The Wald interval’s accuracy suffers when \(np<5\) or \(n(1-p)<5\) and it does not work at all when \(p = 0\) or \(p = 1\). Option two is the Wilson method.

\[\frac{p + \frac{z^2}{2n}}{1 + \frac{z^2}{n}} \pm \frac{z}{1 + \frac{z^2}{n}} \sqrt{\frac{p(1 - p)}{n} + \frac{z^2}{4n^2}}\]

est <- (p + (z^2)/(2*n)) / (1 + (z^2) / n)
pm <- z / (1 + (z^2)/n) * sqrt(p*(1-p)/n + (z^2) / (4*(n^2)))
est + c(-pm, pm)

## [1] 0.4521869 0.5061098

This is what prop.test(correct = FALSE) calculates.

prop.test(x = x, n = n, correct = FALSE)

## 
##  1-sample proportions test without continuity correction
## 
## data:  x out of n, null probability 0.5
## X-squared = 2.3004, df = 1, p-value = 0.1293
## alternative hypothesis: true p is not equal to 0.5
## 95 percent confidence interval:
##  0.4521869 0.5061098
## sample estimates:
##         p 
## 0.4790875

There is a second version of the Wilson interval that applies a “continuity correction” that aligns the “minimum coverage probability,” rather than the “average probability,” with the nominal value.

prop.test(x = x, n = n)

## 
##  1-sample proportions test with continuity correction
## 
## data:  x out of n, null probability 0.5
## X-squared = 2.2175, df = 1, p-value = 0.1365
## alternative hypothesis: true p is not equal to 0.5
## 95 percent confidence interval:
##  0.4518087 0.5064898
## sample estimates:
##         p 
## 0.4790875

Finally, there is the Clopper-Pearson exact confidence interval. Clopper-Pearson inverts two single-tailed binomial tests at the desired alpha. This is a non-trivial calculation, so there is no easy formula to crank through. Just use the binom.test() function and pray no one asks for an explanation.

binom.test(x = x, n = n)

## 
##  Exact binomial test
## 
## data:  x and n
## number of successes = 630, number of trials = 1315, p-value = 0.1364
## alternative hypothesis: true probability of success is not equal to 0.5
## 95 percent confidence interval:
##  0.4517790 0.5064896
## sample estimates:
## probability of success 
##              0.4790875

The expected probability of no one being a high-risk drinker is \(f(0;0.479) = \frac{1315!}{0!(1315-0)!} 0.479^0 (1-0.479)^{1315-0} = 0\). Use dbinom() for probability densities.

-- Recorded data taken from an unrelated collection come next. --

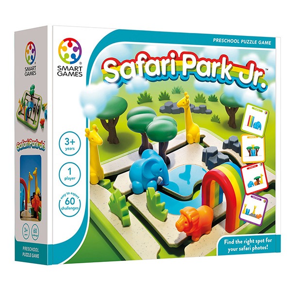 快來看看小動物的照片,找找看牠最喜歡在彩虹動物園的哪個位置拍照呢?立體動物造型與不同形狀的底座,方便幼兒抓握並兼具形狀對應的遊戲功能;遊戲軌道上經過特殊設計,讓每一款動物有不同的路線限制,增加遊戲的挑戰性,透過動物與公園情境的照片當作題卡設計,提供幼兒前視圖的經驗,提升手眼協調操作技巧與空間位置概念,增進策略思考與解決問題能力。
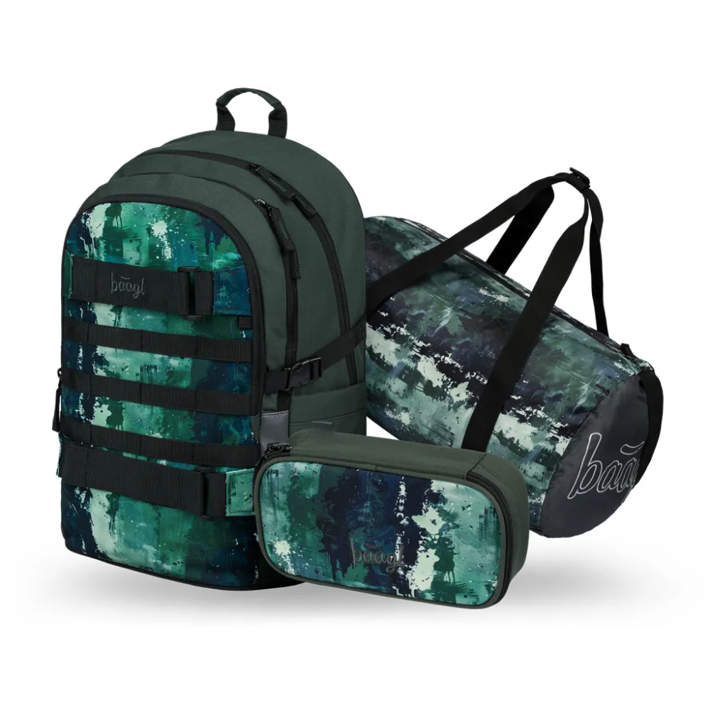 Detailní popis: BAAGL SET 3 Skate Forest: batoh, penál, sportovní taška GRS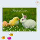Niedlicher Osterhasen mit Küken und Blume Frohe Osterkarte. Text kann zu Ostern oder zum Geburtstag personalisiert werden.
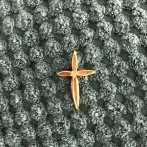 A stylish design on a 14k gold cross with a center diamond. The cross is app 7/8" in length and 5/8" in width. It is a lovely piece that a child could even wear.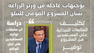 وزير الزراعة يوافق على صرف أكثر من 297 مليون جنيه تمويلاً جديداً للمشروع القومى للبتلو لصالح 425 مستفيد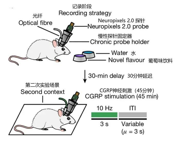 大腦的“記憶鞏固”並不像電腦那樣可以一鍵保存,而是一個需要“重複確認”的過程。在這項研究中,科學家通過一種先進的 Neuropixels 2.0 探針技術,從小鼠“進食”到“生病”再到“回憶”,對中央杏仁核的單個神經元進行長時間記錄,實時觀察它們在整個過程中的活躍情況。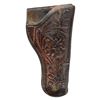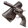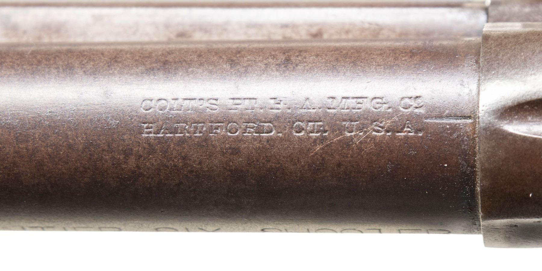SHOOTER SAA REVOLVER WITH FACTORY LETTER & TOOLED LEATHER HOLSTER. Cal 44-40. S# 167340. Mfg. 1896. Bbl. 4 3/4" with 2 line bbl. address & low profile blade front sight. Up until 1896, Colt SAA frames were mfg with a transverse frame screw mfg to holt the cyl. pin in place, beginning with S# 164000 (approx.), the company made a switch to the pushbutton release as seen here. The design remains the same to this day. With the Federal legislation of 1968 classifying firearms manufactured prior to 1899 as antique, a small window was created in which these push button release guns are considered antique (1896-1898). Left side of frame roll stamped "COLT FRONTIER SIX SHOOTER". Hammer appears replacement. Revolver is stocked with 2 piece checkered hard rubber "Eagle" grips. UNATTACHED ACCESSORIES: vintage tooled leather holster marked at front near loop "RJ ANDREWS / SAN ANTONIO". Colt factory letter stating the following: "Serial Number: 167340 / Caliber: .44/40 / Barrel Length: 4 3/4" / Finish: Blue / Type of Stocks: Not Listed / Shipped To: Simmons Hardware Company / Address: St. Louis, Missouri / Date of Shipment: October 1, 1896 / Number of Same Type Guns in Shipment: 20". CONDITION: metal has faded to an even brown patina with light oxidation & fine pitting. Grips are worn with handling marks & scratches. Fair bore shows strong rifling with darkened areas of pitting. Mechanically fine.PROVENANCE: From the Buckstix Collection. (01-28604/BH). ANTIQUE. $2,500-3,500.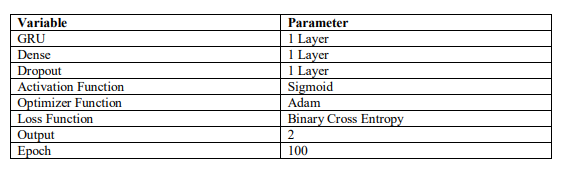 e) GRU is Gated Recurrent Unit is also a type of standard recursive network. The specific architecture and interior design are similar to LSTM. Gated Recurrent Unit is designed to address the vanishing gradient problem in RNN. Table 4 shows the architecture of GRU.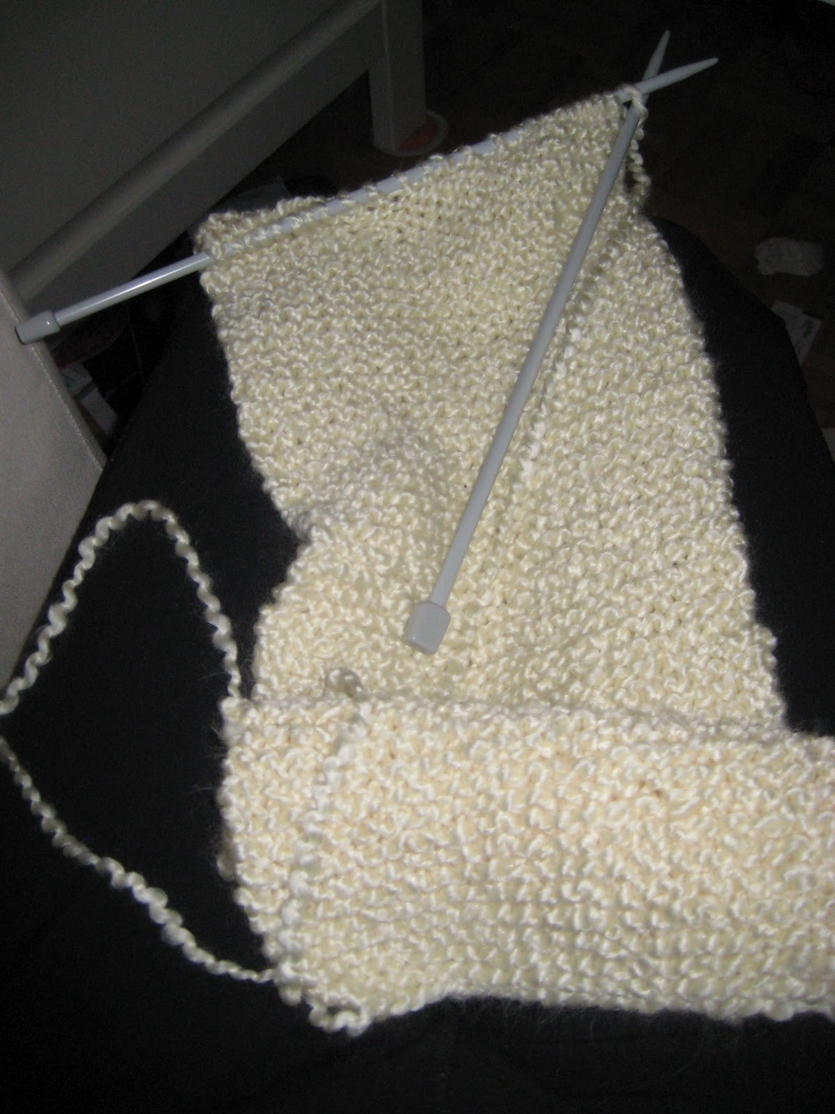 I am writing to update you on my knitting progress. I have been knitting the scarf slowly but surely. I have been knitting a little here and there while watching tv. I will be adding wooden buttons onto the pockets when I am done and I also have plans to make another one with bows. I will try to amp it up a bit to get it done soon!

dbinom(x = 0, size = n, p = p)
## [1] 0

The expected probability of at least half the population being a high-risk drinker, \(f(658, 0.479) = .065\). Use pbinom() for cumulative probabilities.

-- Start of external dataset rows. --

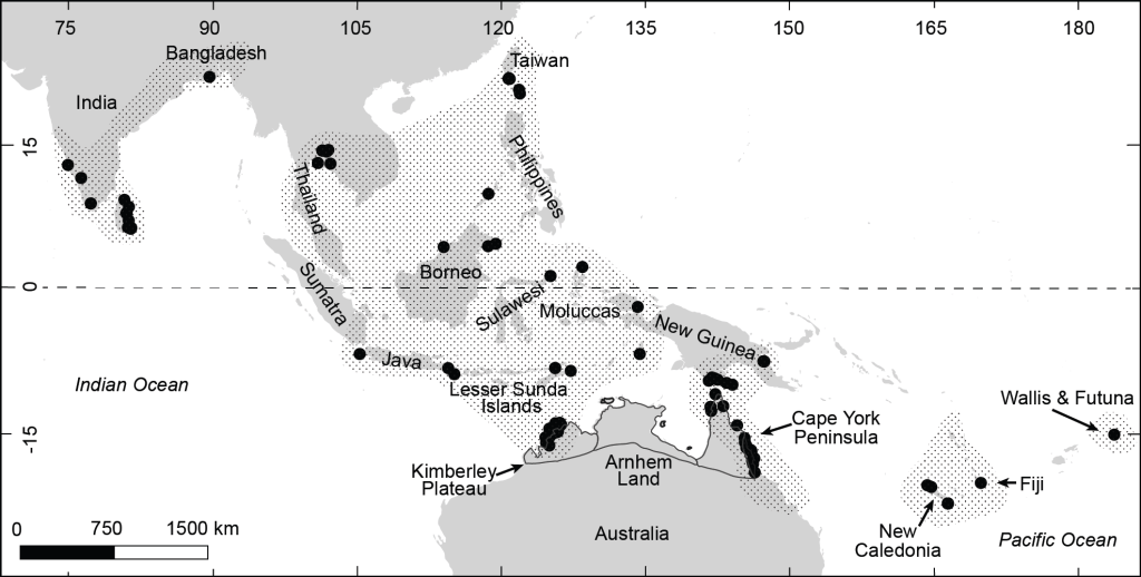 Key methodologies. To investigate exchange tracks between Southeast Asia and northern Australia, we conducted a molecular phylogeographic case study on a species of a tropical tree called Aglaia elaeagnoidea (in Meliaceae, the mahogany family), which is distributed from India, throughout Southeast Asia, in the Kimberley and Cape York Peninsula of Australia and out into the Pacific islands. We used Single Nucleotide Polymorphisms (SNPs) obtained using DArT-seq from samples across the range of A. elaeagnoidea and conducted a variety of population genetic analyses. In conjunction with this, we did some Environmental Niche Modelling of the Last Glacial Maximum when sea levels were lowest between Southeast Asia and Australia to understand where suitable tracks of environment for A. elaeagnoidea might have been at that time. A particularly nifty thing about this study is that we obtained most of our samples from herbarium specimens, including a specimen collected by Robert Wight almost 200 years ago!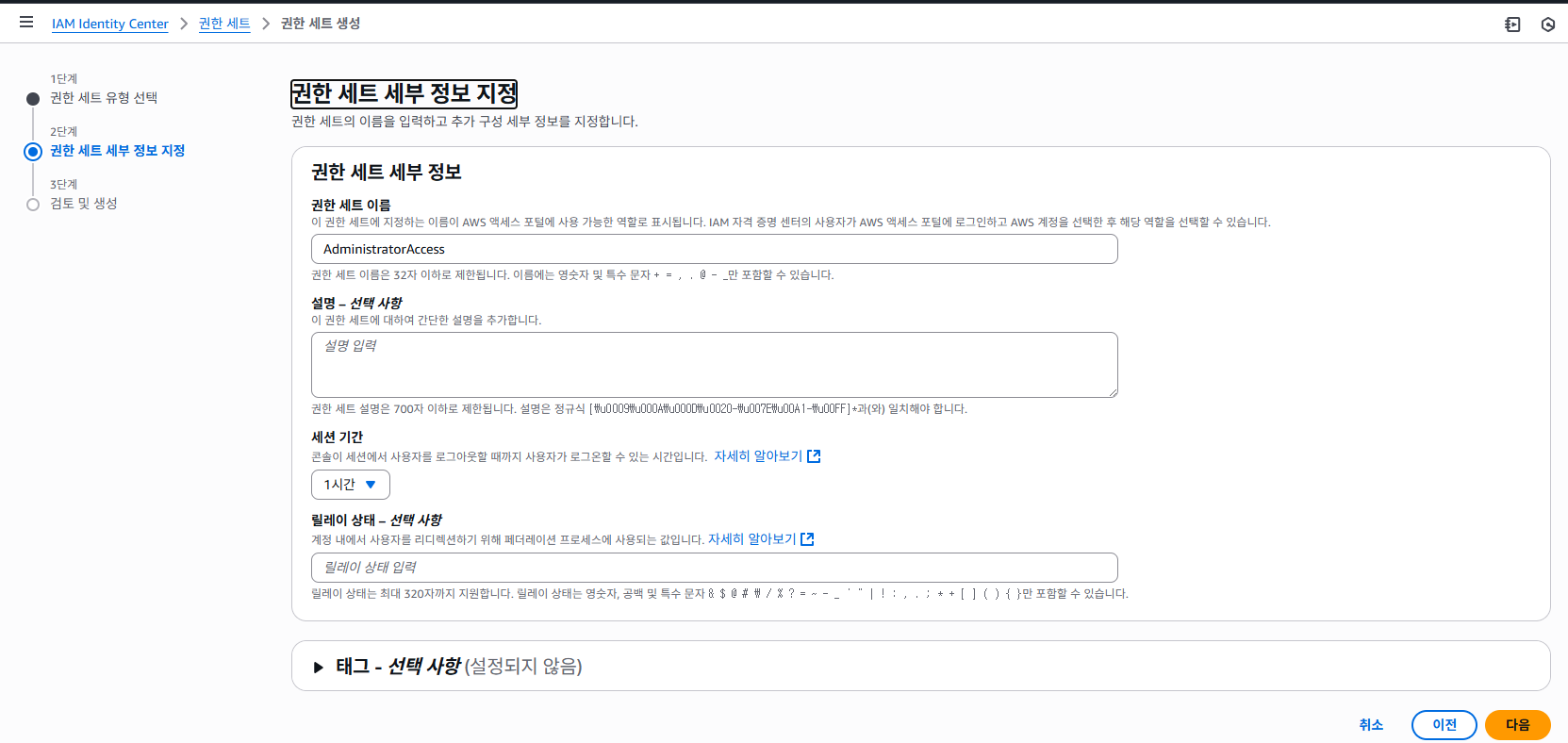 - 이전에 만들어 놓았던 AdministratorAccess 권한 세트 선택후 [다음] 버튼 클릭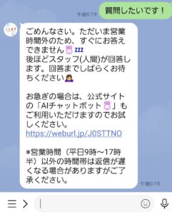 公式LINEでは、夜間などに問い合わせがあった場合は、自動でAIチャットへ流すようにしています。以前は、LINEでの返信がある朝まで待ってもらっていました。ほとんどの人がAIへ同じ質問をしてくれています。すぐに回答がもらえるので、利用者の満足度も高まっていると思います。自分自身の対応時間を減らしたいというのもありましたが、体感で、問い合わせへの対応時間は以前の5分の1程度になっていると思います。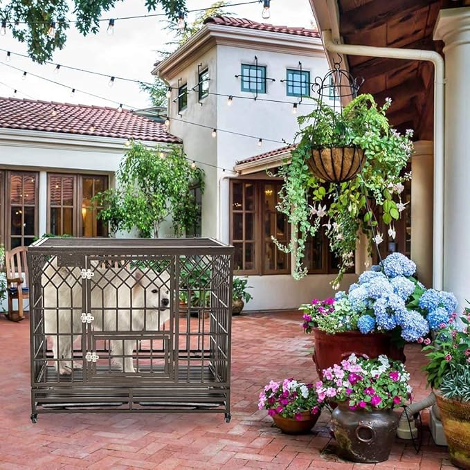 • 【Size and aftersales】42"L X 31"W X 37"H, Brown. The height of the dog cage with wheels is 37 inches, and the internal height is 30.7 inches. Suitable for most medium and large dogs, perfect for indoor and outdoor use. If any quality problem within 3 years, please contact us. We will provide with the most satisfactory solution!

pbinom(q = .5*n, size = n, prob = p, lower.tail = FALSE)
## [1] 0.06455096

The normal distribution is a good approximation when \(n\) is large. The \(\lim_{n \rightarrow \infty} \mathrm{Bin}(n, \pi) = N(n\pi, n\pi(1−\pi)).\)

pnorm(q = 0.5, mean = p, sd = se, lower.tail = FALSE)
## [1] 0.06450357

Suppose a second survey gets a slightly different result. The high risk = Yes falls from 630 (48%) to 600 (46%).

dat_bin2 <- data.frame(
  subject = 1:1315,
  high_risk = factor(c(rep("Yes", 600), rep("No", 715)))
)
(dat2_tabyl <- janitor::tabyl(dat_bin2, high_risk))

##  high_risk   n   percent
##         No 715 0.5437262
##        Yes 600 0.4562738

The two survey counts of high risk = “Yes” are independent random variables distributed \(X \sim \mathrm{Bin}(1315, .48)\) and \(Y \sim \mathrm{Bin}(1315, .46)\). What is the probability that either variable is \(X \ge 650\)?

Let \(P(A) = P(X \le 650)\) and \(P(B) = P(Y \le 650)\). Then \(P(A|B) = P(A) + P(B) - P(AB)\), and because the events are independent, \(P(AB) = P(A)P(B)\).

(p_a <- pbinom(q = 650, size = 1315, prob = 0.48, lower.tail = FALSE))
## [1] 0.1433791
(p_b <- pbinom(q = 650, size = 1315, prob = 0.46, lower.tail = FALSE))
## [1] 0.005868366
(p_a + p_b - (p_a * p_b))
## [1] 0.1484061

Here’s an empirical test.

df <- data.frame(
  x = rbinom(10000, 1315, 0.48),
  y = rbinom(10000, 1315, 0.46)
  )
mean(if_else(df$x >= 650 | df$y >= 650, 1, 0))

## [1] 0.1624

A couple other points to remember:

The Bernoulli distribution is a special case of the binomial with \(n = 1\).
The binomial distribution assumes independent trials. If you sample without replacement from a finite population, use the hypergeometric distribution.